### EXTRACTED INFORMATION
********************

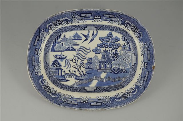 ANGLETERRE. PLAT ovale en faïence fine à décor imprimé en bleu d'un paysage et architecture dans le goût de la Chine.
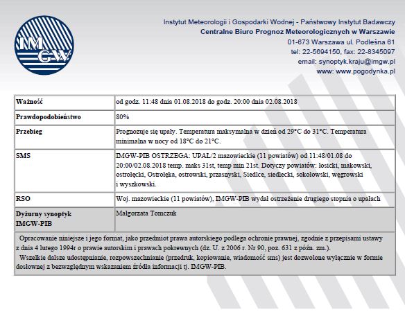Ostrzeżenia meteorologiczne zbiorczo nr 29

********************

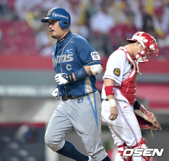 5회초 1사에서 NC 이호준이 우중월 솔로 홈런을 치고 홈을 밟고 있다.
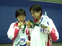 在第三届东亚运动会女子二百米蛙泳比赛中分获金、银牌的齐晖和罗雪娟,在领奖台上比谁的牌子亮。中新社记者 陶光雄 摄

********************

Each line from the one that contains "ANGLETERRE. PLAT ovale" down to the one that contains "Ostrzeżenia meteorologiczne zbiorczo nr 29" is to be returned exactly as it stands above, both ends included, with pictures removed.

### PROBLEM SOLUTION
 ANGLETERRE. PLAT ovale en faïence fine à décor imprimé en bleu d'un paysage et architecture dans le goût de la Chine.
Ostrzeżenia meteorologiczne zbiorczo nr 29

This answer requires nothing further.